## EXERCISE
Only what runs from the line with "Đại tướng Phan" to the end of the data should appear in the answer, exactly as written and without pictures.

## INFORMATION PROVIDED
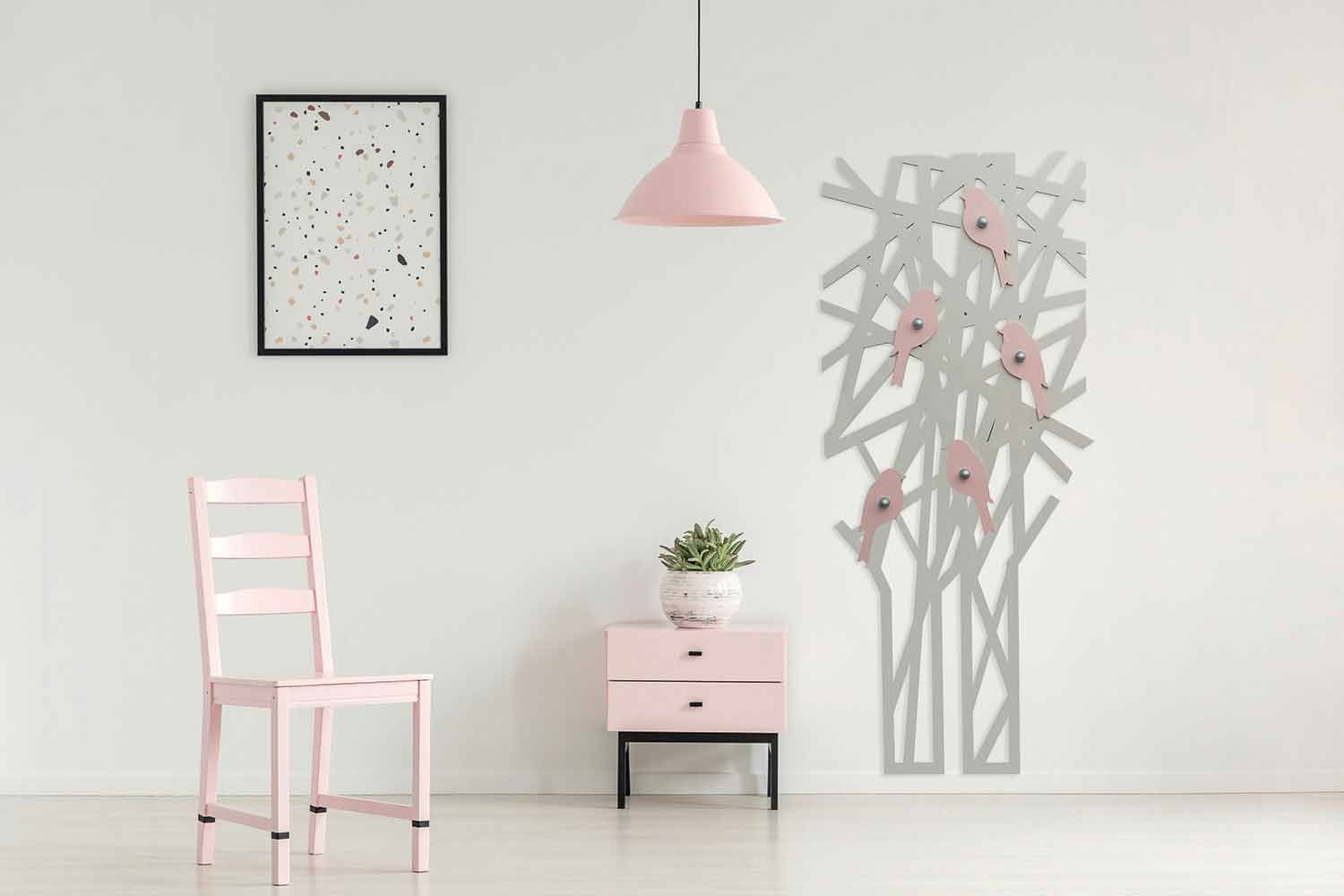 Wall hanger for entrance hall, modern design in the shape of a stylized tree with birds, made in Italy.
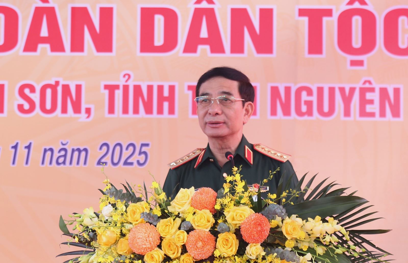 Đại tướng Phan Văn Giang nhấn mạnh: Năm nay, ngày hội diễn ra trong không khí đặc biệt, khi tỉnh Thái Nguyên và tỉnh Bắc Kạn đã hợp nhất, mở ra một chặng đường phát triển mới, kết tinh sức mạnh, bản sắc văn hóa, tinh thần cách mạng và khát vọng vươn lên của hai vùng đất anh hùng. Thái Nguyên hôm nay đang vươn lên mạnh mẽ, trở thành trung tâm công nghiệp lớn của miền Bắc, là điểm sáng về thu hút đầu tư, phát triển kinh tế - xã hội và đổi mới sáng tạo. Tốc độ tăng trưởng kinh tế của tỉnh đạt bình quân khoảng 8%/năm; thu ngân sách năm 2025 ước đạt hơn 26.000 tỷ đồng, tăng 23% so với năm trước. Những kết quả ấy là công sức, tâm huyết của cấp ủy, chính quyền, Mặt trận Tổ quốc và nhất là sự đoàn kết, đồng lòng của các tầng lớp nhân dân.
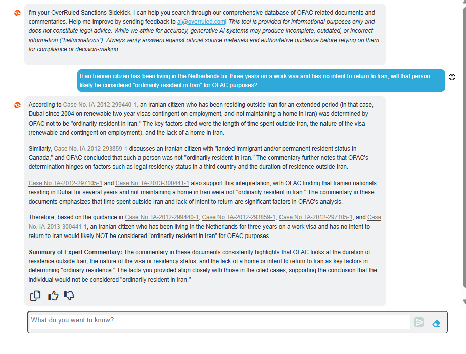 I'm your OverRuled Sanctions Sidekick. I can help you search through our comprehensive database of OFAC-related documents and commentaries. Help me improve by sending feedback to ai@overruled.com!
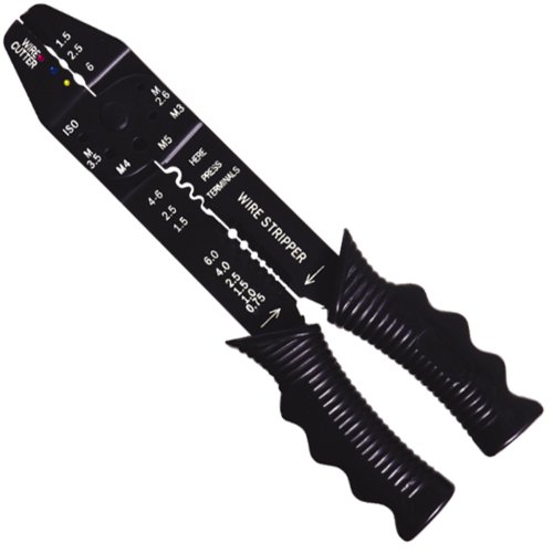 ・用途:絶縁端子の圧着(赤色/1.25mm、青色/2.0mm、黄色/5.5mm)、裸端子の圧着(1.25-2.0-5.5mm)、被膜はがし(0.75-0.9-1.25-2.0-3.5-5.5mm)、ネジの切断(M2.6-M3.0-M3.5-M4.0-M5.0/ISO)

## TASK RESPONSE
 Đại tướng Phan Văn Giang nhấn mạnh: Năm nay, ngày hội diễn ra trong không khí đặc biệt, khi tỉnh Thái Nguyên và tỉnh Bắc Kạn đã hợp nhất, mở ra một chặng đường phát triển mới, kết tinh sức mạnh, bản sắc văn hóa, tinh thần cách mạng và khát vọng vươn lên của hai vùng đất anh hùng. Thái Nguyên hôm nay đang vươn lên mạnh mẽ, trở thành trung tâm công nghiệp lớn của miền Bắc, là điểm sáng về thu hút đầu tư, phát triển kinh tế - xã hội và đổi mới sáng tạo. Tốc độ tăng trưởng kinh tế của tỉnh đạt bình quân khoảng 8%/năm; thu ngân sách năm 2025 ước đạt hơn 26.000 tỷ đồng, tăng 23% so với năm trước. Những kết quả ấy là công sức, tâm huyết của cấp ủy, chính quyền, Mặt trận Tổ quốc và nhất là sự đoàn kết, đồng lòng của các tầng lớp nhân dân.
 I'm your OverRuled Sanctions Sidekick. I can help you search through our comprehensive database of OFAC-related documents and commentaries. Help me improve by sending feedback to ai@overruled.com!
 ・用途:絶縁端子の圧着(赤色/1.25mm、青色/2.0mm、黄色/5.5mm)、裸端子の圧着(1.25-2.0-5.5mm)、被膜はがし(0.75-0.9-1.25-2.0-3.5-5.5mm)、ネジの切断(M2.6-M3.0-M3.5-M4.0-M5.0/ISO)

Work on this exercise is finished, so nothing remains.